■ **Task directions**
The required output is every line from the one containing "Nautical stencil featuring" through the last line of the listing below, copied exactly, pictures excluded.

■ **Given data**

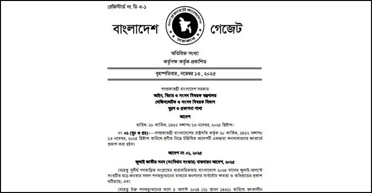 বৃহস্পতিবার (১৩ নভেম্বর) আইন, বিচার ও সংসদ বিষয়ক মন্ত্রণালয়ের লেজিসলেটিভ ও সংসদ বিষয়ক বিভাগ থেকে এ বিষয়ে গেজেট প্রকাশ করা হয়েছে।
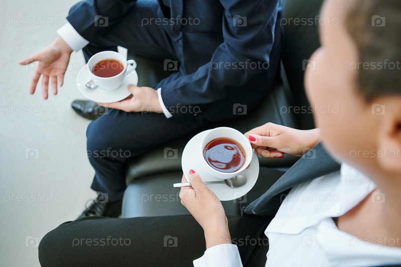 Два элегантных коллеги за чашками чая обсуждают стратегии на кожаном диване
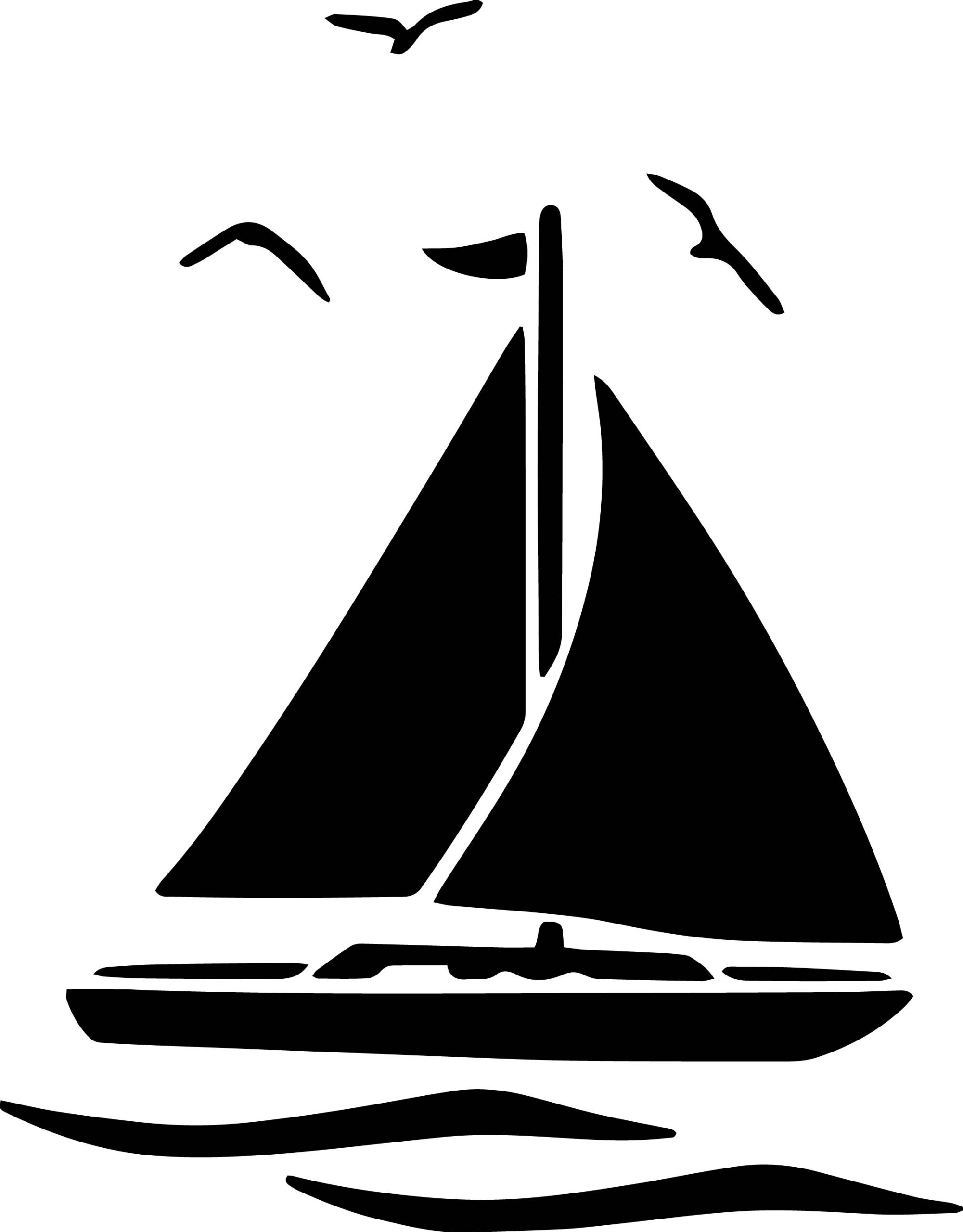 Nautical stencil featuring a sailboat and seagulls, perfect for decorating walls, wood, fabric, and sea-themed projects.
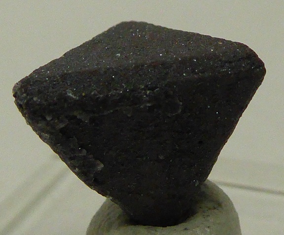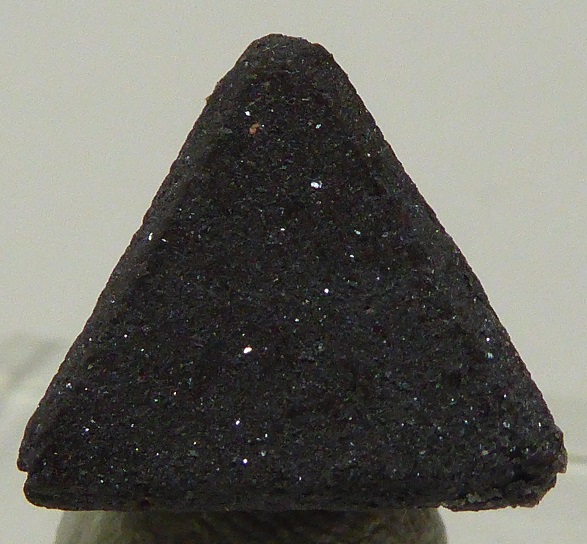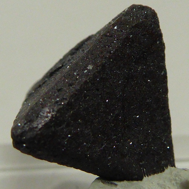 | ZUNYITE / Dôme de sel de Qalat-e Bala, Région de Bandar-Abbas, Hormozgan, Iran / Magnifique pièce de ce rare sorosilicate contenant de l'aluminium, du chlore et du fluor, nommée ZUNYITE. Le cristal est complet et montre un tétraèdre parfait avec de belles troncatures. Sa couleur est brune foncée à rougeâtre. Il est accompagné d'inclusions lamellaires brillantes d'hématite. Il mesure 1,2 cm pour la plus grande arêtre. Echantillon très rare et de provenance inhabituelle.Livrée sur son socle. | Disponible |

■ **Response to this exercise**
 Nautical stencil featuring a sailboat and seagulls, perfect for decorating walls, wood, fabric, and sea-themed projects.
 | ZUNYITE / Dôme de sel de Qalat-e Bala, Région de Bandar-Abbas, Hormozgan, Iran / Magnifique pièce de ce rare sorosilicate contenant de l'aluminium, du chlore et du fluor, nommée ZUNYITE. Le cristal est complet et montre un tétraèdre parfait avec de belles troncatures. Sa couleur est brune foncée à rougeâtre. Il est accompagné d'inclusions lamellaires brillantes d'hématite. Il mesure 1,2 cm pour la plus grande arêtre. Echantillon très rare et de provenance inhabituelle.Livrée sur son socle. | Disponible |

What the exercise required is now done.